Click images to see full GitHub-rendered files.

Benchmarks

Measured on 39 DOCX files × 10 iterations (reproduce it yourself):

Tool Avg (ms) Median (ms) Min (ms) Max (ms)
undocx 3.34 3.22 2.89 5.46
markitdown 18.25 17.45 14.63 41.81
pandoc 55.08 54.11 40.31 69.51

undocx is 16.5x faster than pandoc and 5.5x faster than markitdown.

Feature undocx pandoc markitdown
Language Rust Haskell Python
Speed (avg) 3.3ms/file 55ms/file 18ms/file
Tables (colspan/rowspan) Yes Partial Yes
Track changes Yes Yes No
Footnotes/Endnotes Yes Yes No
Comments Yes No No
VML legacy images Yes No No
Korean numbering Yes No No
Python API Yes CLI only Yes
Rust API Yes No No

For Humans

Install and convert — that's it.

pip install undocx          # Python
cargo install undocx        # CLI

CLI

undocx report.docx output.md              # convert to file
undocx report.docx                         # print to stdout
undocx report.docx -o out.md --images-dir ./img  # extract images

Python

import undocx

markdown = undocx.convert_docx("report.docx")

For Agents

Designed for document preprocessing in LLM/RAG pipelines.

Python — RAG ingestion

import undocx

# Skip images for text-only RAG ingestion
md = undocx.convert_docx("report.docx", image_handling="skip")

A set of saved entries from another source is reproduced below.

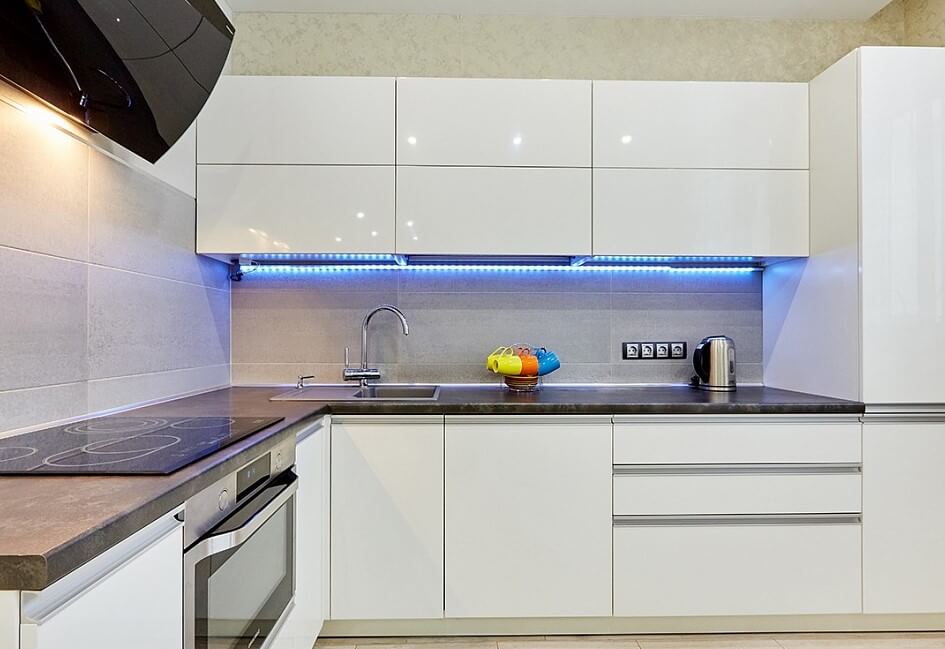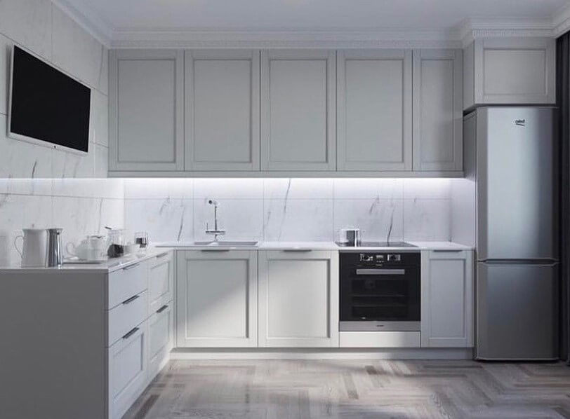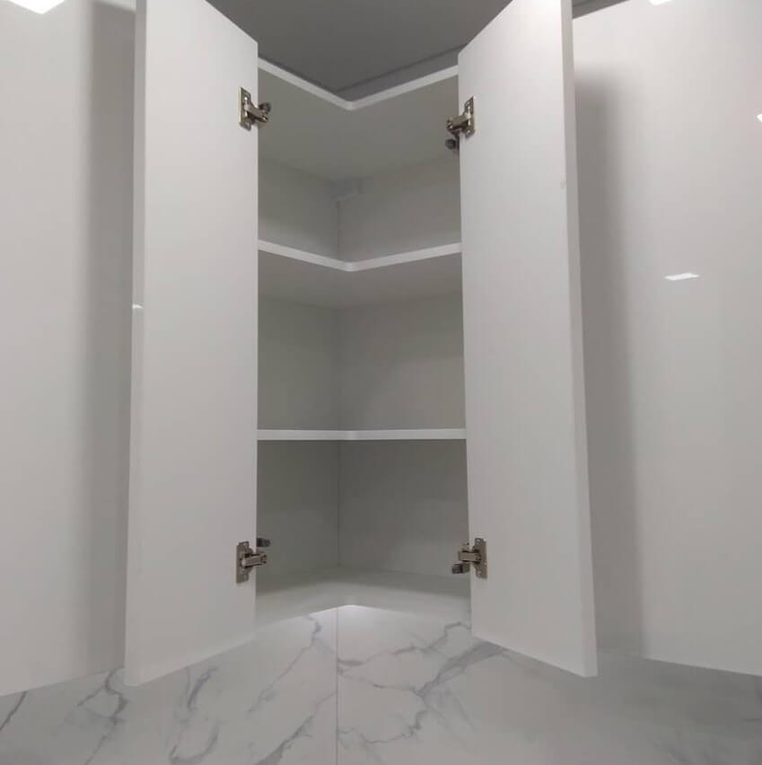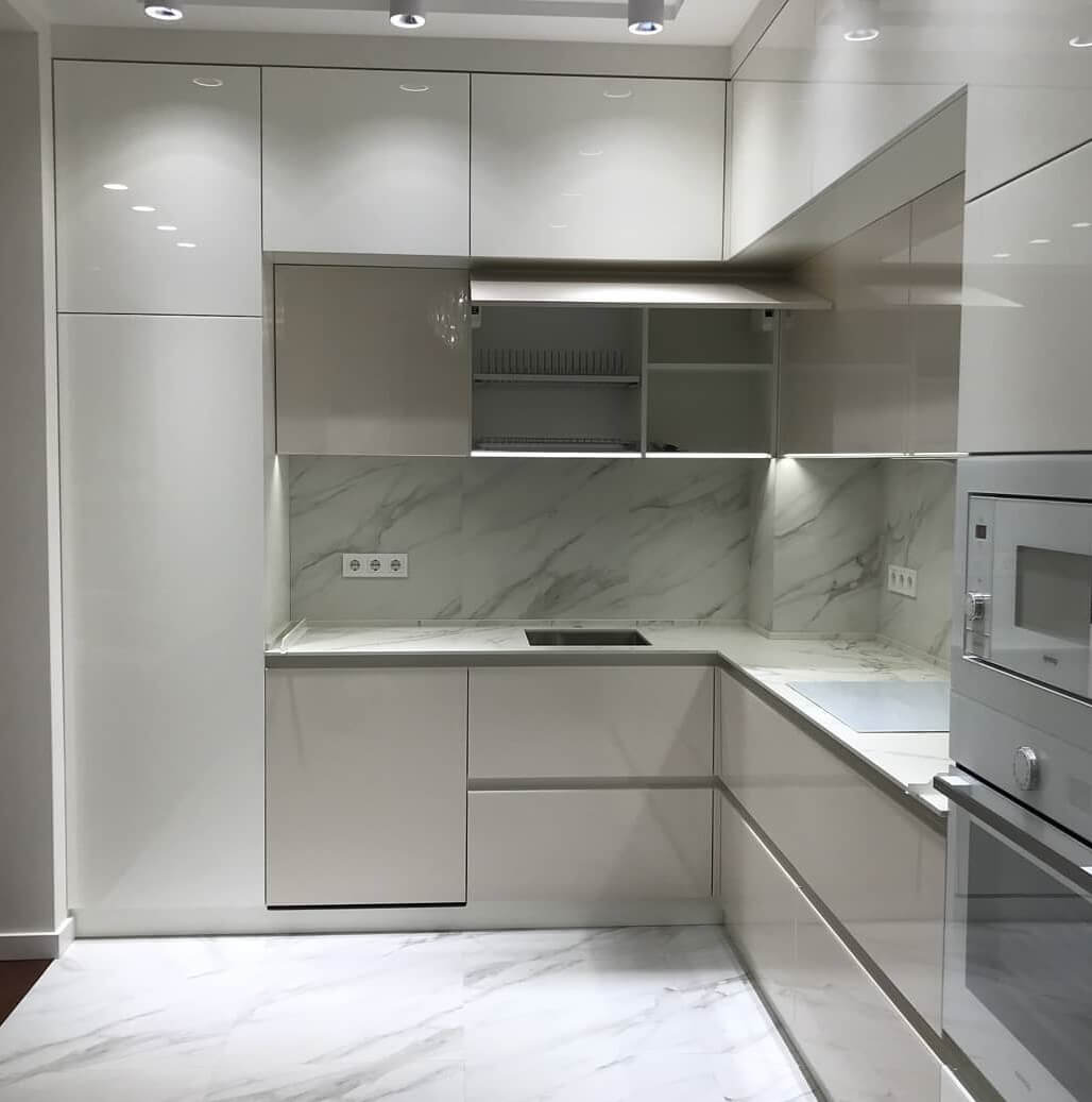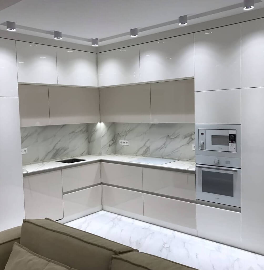Увидела на сайте и влюбилась. Нужна была П-образная белоснежная кухня супруг, когда увидел даже не стал сопротивляться. У нас чуть не стандартный размер комнаты был, под индивидуальные размеры изготовили. После установки не могла глаз отвести, ослепляет. Остались очень довольны. Думала, что будет сложно за ней ухаживать, все таки белая, но нет, протираю и следов не остается.
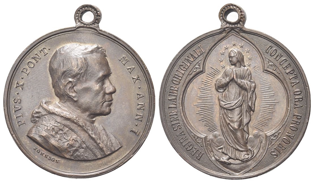Dr. PIVS X PONT - MAX ANN I. Busto del Pontefice a d. con berretto, mozzetta e stola. Rv. REGINA SINE LABE ORIGINALI - CONCEPTA ORA PRO NOBIS. La Beata Vergine raggiante su nubi.
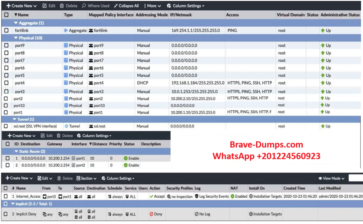 ExhibitA shows the system interface with the static routes and exhibit B shows the firewall policies on the managed FortiGate.
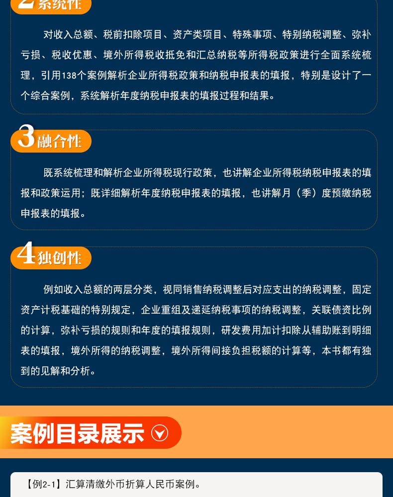 ——系统性。既对收入总额、税前扣除项目、资产类项目、特殊事项、特别纳税调整、弥补亏损、税收优惠、境外所得税收抵免和汇总纳税等所得税政策进行*系统梳理,也通过138个案例(详见附录)解析了企业所得税政策和纳税申报表的填报,特别是设计了一个综合案例,系统解析年度纳税申报表的填报过程和结果。
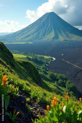 © Patthama, Fototapeta premium Volcanic landscape with lush greenery and unique wildlife, galapagos, endemic species, planet
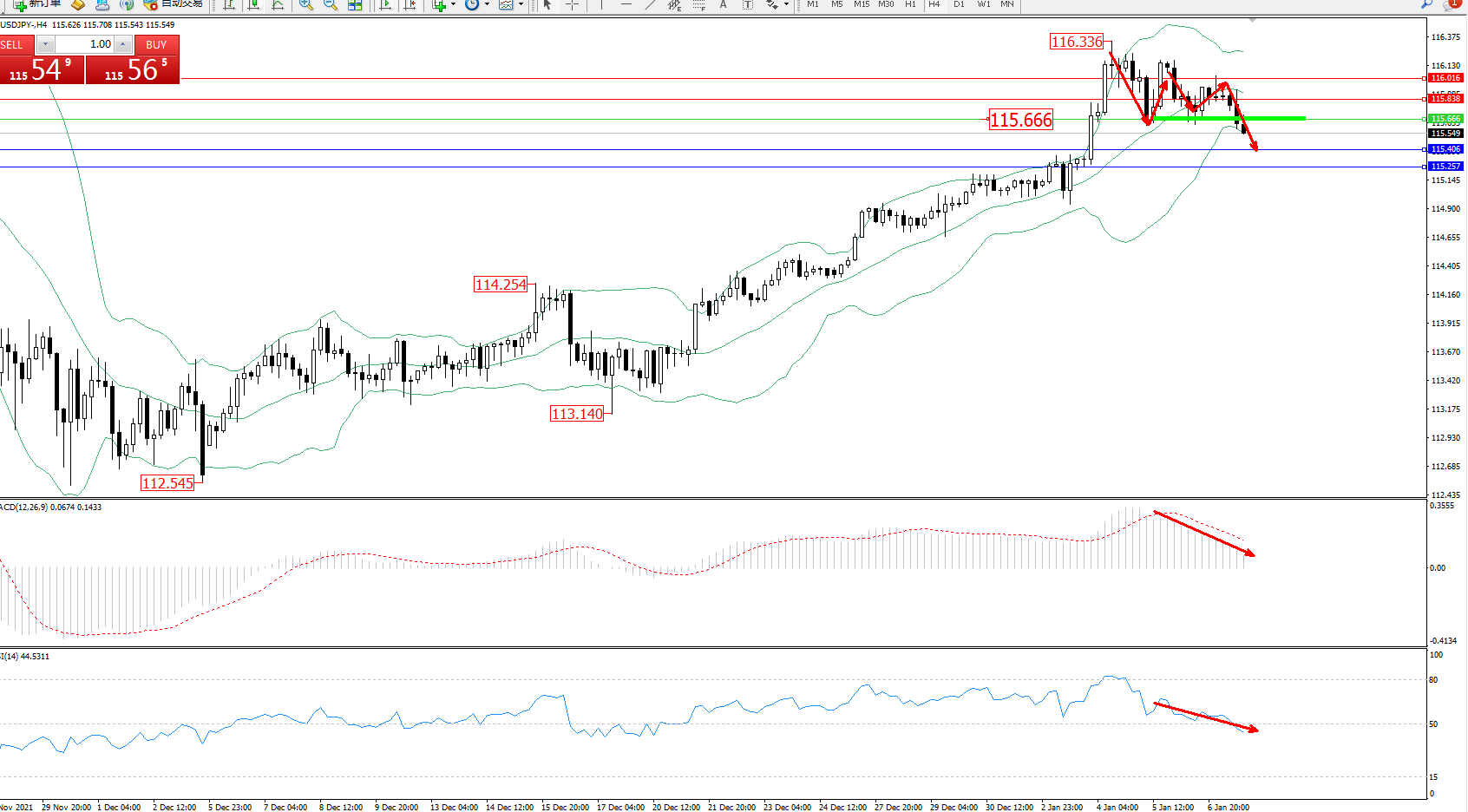 交易策略:115.666下方看跌,目标115.406、115.257
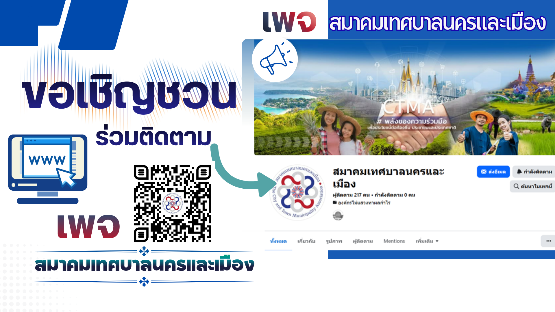 เชิญชวนร่วมติดตามเพจเฟซบุ๊ก สมาคมเทศบาลนครและเมือง |
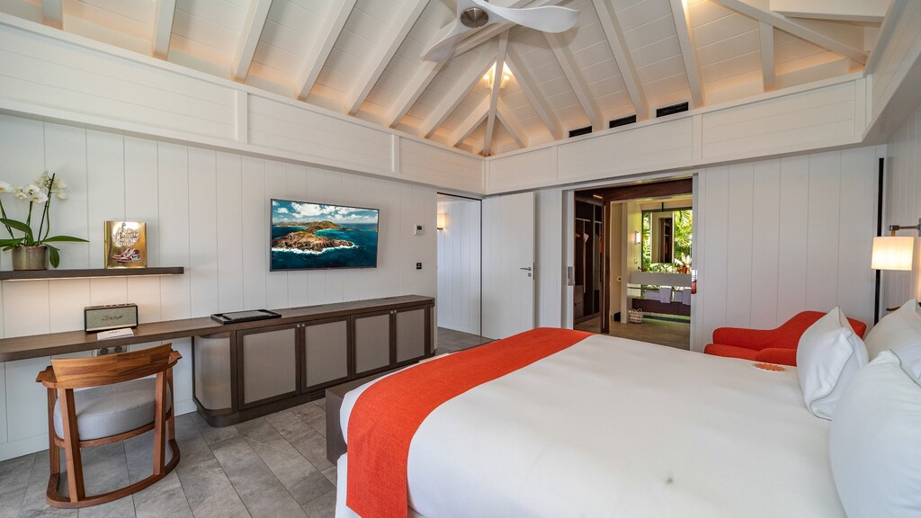 At the front of villa, the terrace features a beautiful heated infinity swimming pool seeming to melt into the sparkling waters of St-Barth. On the wooden deck, loungers are set up under large umbrellas for pleasant moments of relaxation in front of the amazing view. Between the green hills and the deep blue ocean, the scenery is idyllic, dreamy and wonderful. In addition, in the evening, you will marvel at the fabulous spectacle of sunsets over the ocean, making your stay in St. Barths a true moment out of time.

# Process bytes from S3, HTTP, or any byte stream
md = undocx.convert_docx(doc_bytes, image_handling="skip")

Rust — One-liner

let md = undocx::convert("report.docx")?;
let md = undocx::convert_bytes(&bytes)?;

Rust — Builder (optimal for RAG)

let md = undocx::builder()
    .skip_images()
    .convert("report.docx")?;

Rust — Pluggable architecture

let converter = DocxToMarkdown::with_components(
    ConvertOptions::default(),
    MyExtractor,    // impl AstExtractor
    MyRenderer,     // impl Renderer
);

See docs/API_POLICY.md for stability guarantees on these traits.

# Cargo.toml
[dependencies]
undocx = "0.4"

Tips for RAG pipelines:

  • Use image_handling="skip" to reduce token count
  • Output is clean Markdown — split on ## headers for semantic chunking
  • Footnotes and comments are preserved as [^ref] for full context

Supported Features

Category Elements
Text Bold, italic, underline, strikethrough, superscript/subscript
Structure Heading 1-9, Title, Subtitle, alignment (center/right)
Lists Ordered (decimal, letter, roman, Korean, circled), unordered, nested
Tables Colspan, rowspan, nested tables, multi-paragraph cells
Links External, internal bookmarks, TOC anchors
Images Inline, floating, VML legacy — base64 embed, save to dir, or skip
Notes Footnotes, endnotes, comments (as Markdown [^ref])
Track changes Insertions (<ins>), deletions (~~strikethrough~~)
Other Page/column/line breaks, SDT, field codes, bookmarks, symbols

Options

Field Default Description
image_handling Inline Inline / SaveToDir(path) / Skip
preserve_whitespace false Keep original spacing
html_underline true <u> tags for underline
html_strikethrough false <s> tags instead of ~~
strict_reference_validation false Fail on broken note/comment refs

Development

cargo test --all-features                                  # test
cargo clippy --all-features --tests -- -D warnings         # lint
python examples/benchmark_comparison.py ./tests/pandoc 10  # bench

See CONTRIBUTING.md for development setup and guidelines.

License

MIT — see LICENSE

Project details


Download files

Download the file for your platform. If you're not sure which to choose, learn more about installing packages.

Source Distribution

undocx-0.5.2.tar.gz (906.6 kB view details)

Uploaded Source

Built Distributions

If you're not sure about the file name format, learn more about wheel file names.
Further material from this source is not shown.